→ Instructions to follow
Could you retype exactly the lines below between the one holding "Članski ekipi KGT" and the one holding "Cereales de avena sin gluten", inclusive, leaving out any pictures?

→ Dataset records
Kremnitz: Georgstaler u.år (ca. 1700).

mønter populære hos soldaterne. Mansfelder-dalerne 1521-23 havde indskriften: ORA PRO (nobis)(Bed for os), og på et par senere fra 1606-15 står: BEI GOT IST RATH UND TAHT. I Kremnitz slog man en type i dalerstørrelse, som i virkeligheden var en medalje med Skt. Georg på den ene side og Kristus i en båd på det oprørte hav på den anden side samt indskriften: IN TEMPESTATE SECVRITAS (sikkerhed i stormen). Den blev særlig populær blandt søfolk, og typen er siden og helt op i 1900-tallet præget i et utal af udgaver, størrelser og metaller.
---
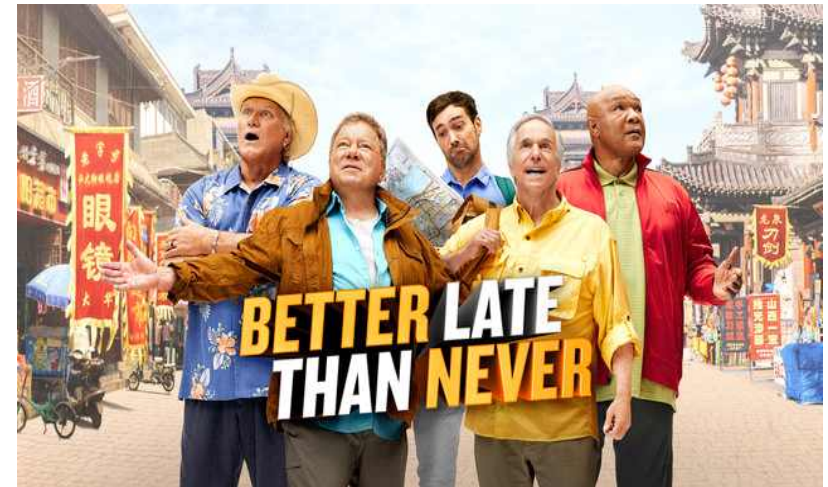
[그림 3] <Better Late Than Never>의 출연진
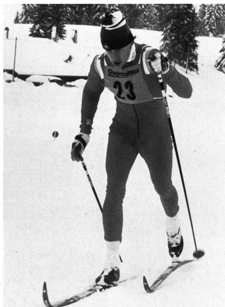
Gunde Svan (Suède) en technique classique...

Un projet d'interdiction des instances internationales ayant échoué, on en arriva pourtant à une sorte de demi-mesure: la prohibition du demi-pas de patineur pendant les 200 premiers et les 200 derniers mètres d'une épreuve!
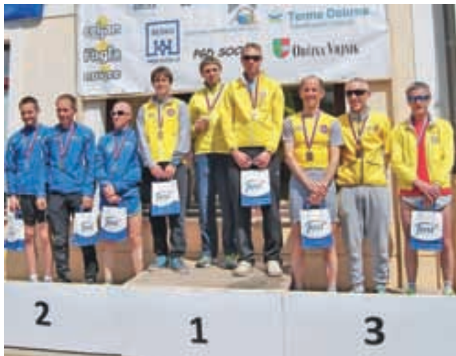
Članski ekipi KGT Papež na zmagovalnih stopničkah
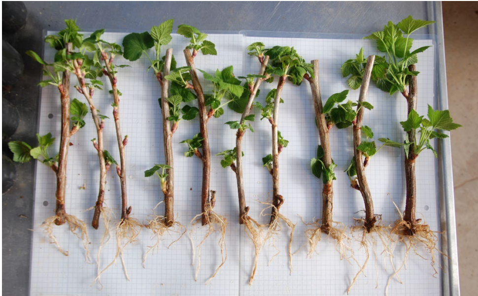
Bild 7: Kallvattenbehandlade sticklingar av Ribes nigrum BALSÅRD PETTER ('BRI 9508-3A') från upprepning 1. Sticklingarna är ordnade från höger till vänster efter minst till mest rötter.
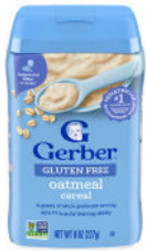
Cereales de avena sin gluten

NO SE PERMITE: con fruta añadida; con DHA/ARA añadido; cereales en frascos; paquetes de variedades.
...
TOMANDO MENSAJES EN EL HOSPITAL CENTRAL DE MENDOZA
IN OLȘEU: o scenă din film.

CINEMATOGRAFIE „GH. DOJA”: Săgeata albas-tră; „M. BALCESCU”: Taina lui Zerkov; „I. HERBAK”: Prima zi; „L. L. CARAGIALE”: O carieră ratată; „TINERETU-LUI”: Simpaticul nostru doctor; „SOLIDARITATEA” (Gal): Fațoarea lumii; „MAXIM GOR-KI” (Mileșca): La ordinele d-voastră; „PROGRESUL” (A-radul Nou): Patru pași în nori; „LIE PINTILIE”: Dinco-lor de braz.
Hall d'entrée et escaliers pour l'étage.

→ Exercise response
Članski ekipi KGT Papež na zmagovalnih stopničkah
Bild 7: Kallvattenbehandlade sticklingar av Ribes nigrum BALSÅRD PETTER ('BRI 9508-3A') från upprepning 1. Sticklingarna är ordnade från höger till vänster efter minst till mest rötter.
Cereales de avena sin gluten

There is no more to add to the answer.